- [Work order]
What is needed is an exact copy of the records below, minus any pictures.

- [Collection entries]
○ ○ ○ ○
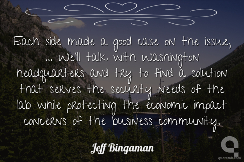 Each side made a good case on the issue, ... We'll talk with Washington headquarters and try to find a solution that serves the security needs of the lab while protecting the economic impact concerns of the business community.
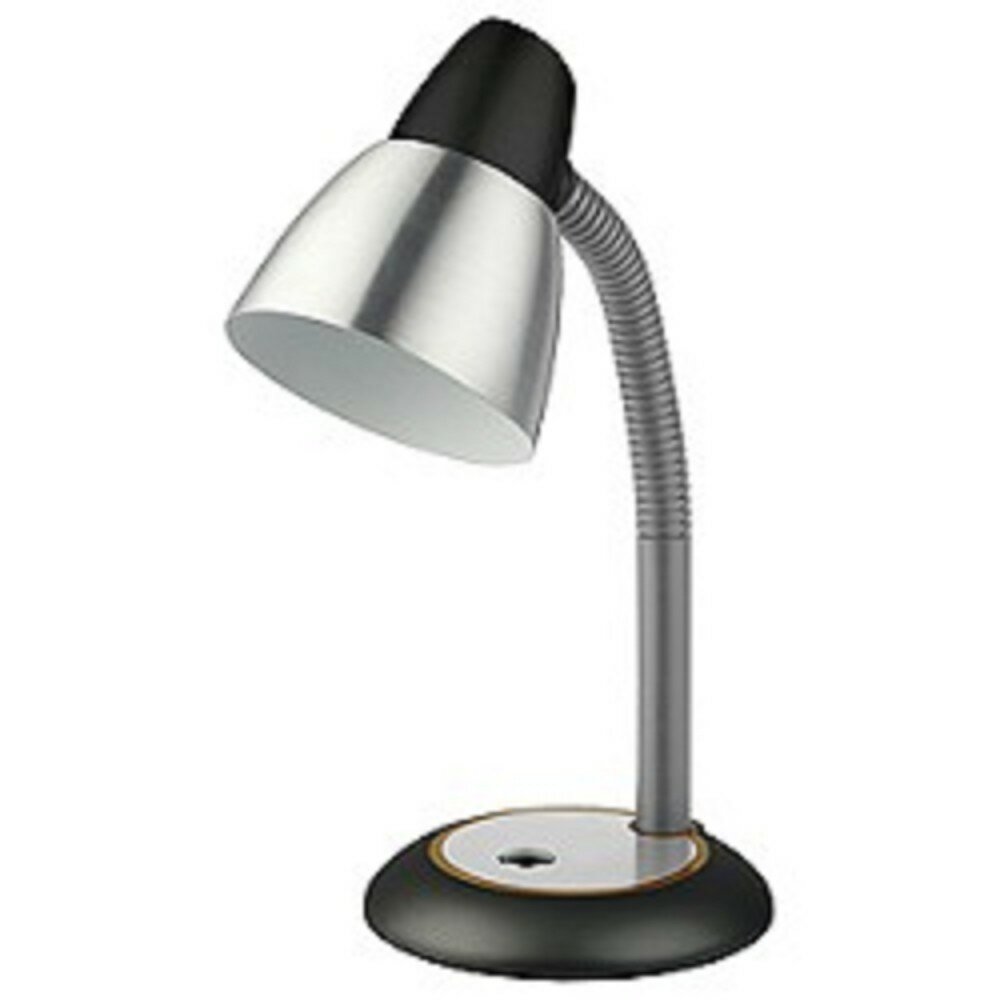 Настольный светильник Эра N-115 оснащён устойчивым металлическим основанием, металлическим плафоном большого диаметра и гибкой ножкой, позволяющей наклонять и поворачивать плафон в любом направлении.
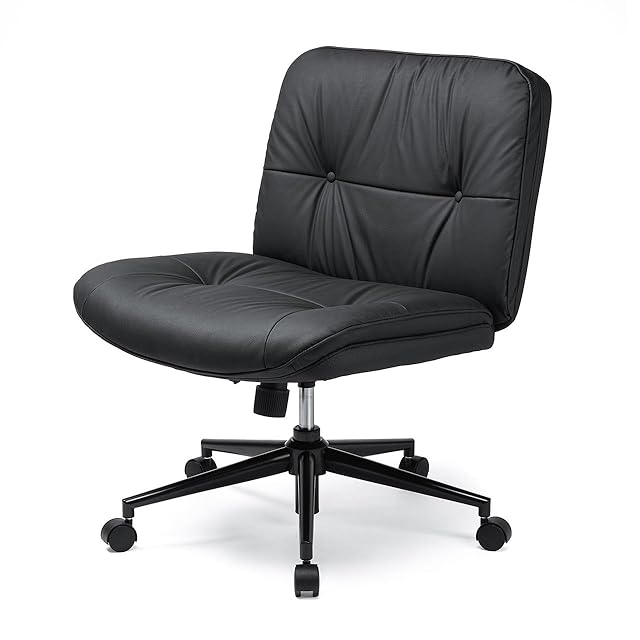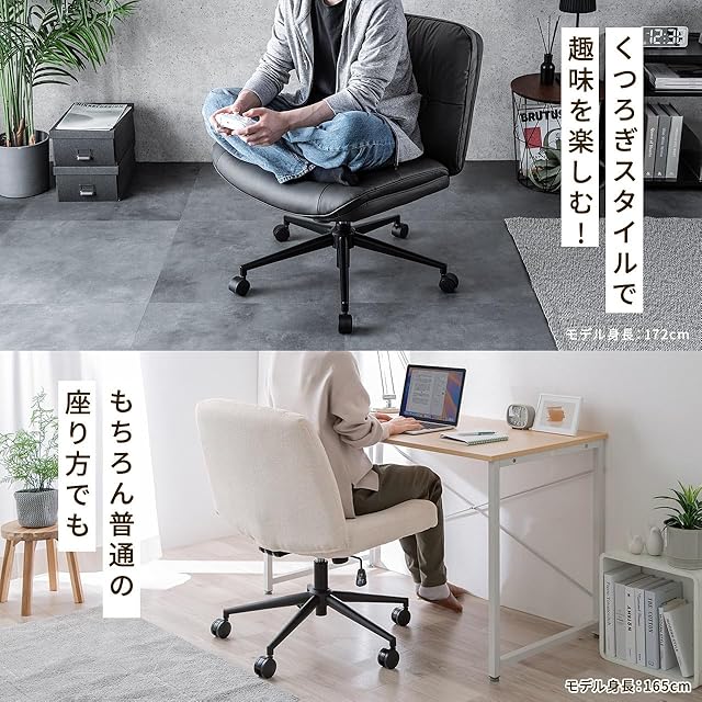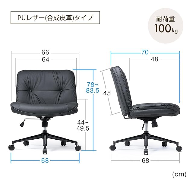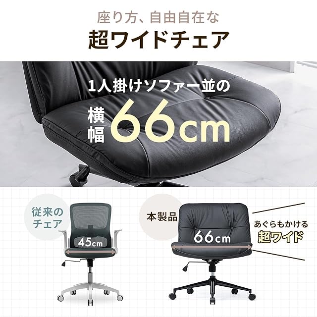 サンワダイレクト あぐらチェア デスクチェア PUレザー ロッキング機能 高さ調節可能 キャスター付き 回転座面 ワイド 幅広 一人掛け ブラック 150-SNCH54LBK
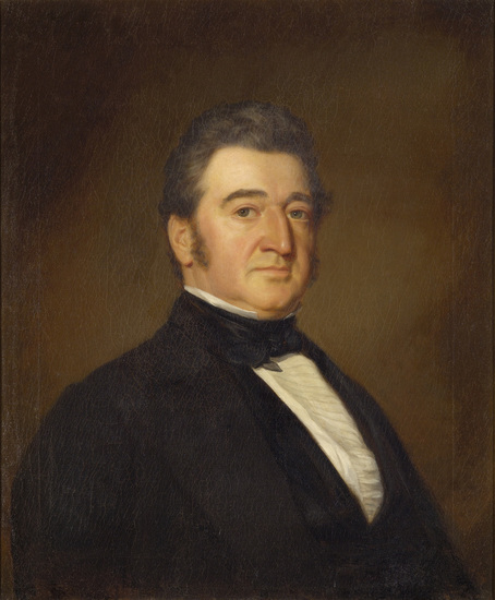Depicts bust portrait of middle-aged man with ruddy face, dark wavy brown hair and side burns, and blue eyes. He wears a black dress suit coat, white pleated shirt and black tie.
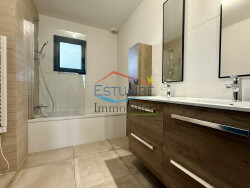 Cette maison d'une surface habitable de 110 m2 habitable environ, de plain-pied, se compose d'un salon/séjour donnant sur terrasse, une cuisine ouverte aménagée et équipée, 3 chambres dont 1 avec dressing et salle d'eau privative, un bureau, une salle de bains + wc, un wc. Une arrière cuisine et un garage complètent l'ensemble.
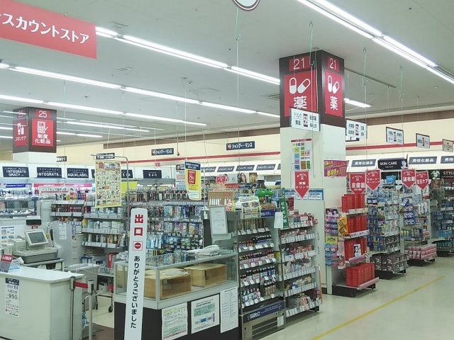 オリンピック武蔵浦和店の薬局コーナーです。化粧品やシャンプー、リンスなどもあり、日用品も揃っています。
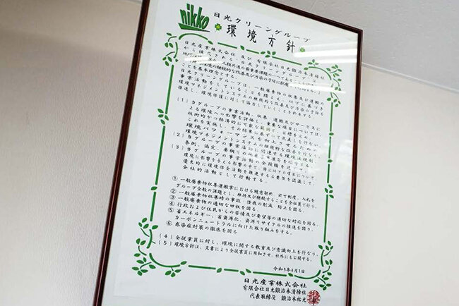 SDGsに関連した日光産業の取り組みは多岐にわたっている。環境に配慮した企業活動として、すべての収集車に排ガス浄化装置を装備しているほか、毎月、環境管理委員会を開催して自社の活動が環境に与える影響を検証している。収集車ごとの日報作成をデジタル化して業務のペーパーレス化に取り組む一方、2025年1月には自社の建物で使う電力を再生可能エネルギーでまかなうために太陽光発電システムを設置した。また、事務用車両を電気自動車にしている。
○ ○ ○ ○
- [Answer area]
 Each side made a good case on the issue, ... We'll talk with Washington headquarters and try to find a solution that serves the security needs of the lab while protecting the economic impact concerns of the business community.
 Настольный светильник Эра N-115 оснащён устойчивым металлическим основанием, металлическим плафоном большого диаметра и гибкой ножкой, позволяющей наклонять и поворачивать плафон в любом направлении.
 サンワダイレクト あぐらチェア デスクチェア PUレザー ロッキング機能 高さ調節可能 キャスター付き 回転座面 ワイド 幅広 一人掛け ブラック 150-SNCH54LBK
Depicts bust portrait of middle-aged man with ruddy face, dark wavy brown hair and side burns, and blue eyes. He wears a black dress suit coat, white pleated shirt and black tie.
 Cette maison d'une surface habitable de 110 m2 habitable environ, de plain-pied, se compose d'un salon/séjour donnant sur terrasse, une cuisine ouverte aménagée et équipée, 3 chambres dont 1 avec dressing et salle d'eau privative, un bureau, une salle de bains + wc, un wc. Une arrière cuisine et un garage complètent l'ensemble.
 オリンピック武蔵浦和店の薬局コーナーです。化粧品やシャンプー、リンスなどもあり、日用品も揃っています。
 SDGsに関連した日光産業の取り組みは多岐にわたっている。環境に配慮した企業活動として、すべての収集車に排ガス浄化装置を装備しているほか、毎月、環境管理委員会を開催して自社の活動が環境に与える影響を検証している。収集車ごとの日報作成をデジタル化して業務のペーパーレス化に取り組む一方、2025年1月には自社の建物で使う電力を再生可能エネルギーでまかなうために太陽光発電システムを設置した。また、事務用車両を電気自動車にしている。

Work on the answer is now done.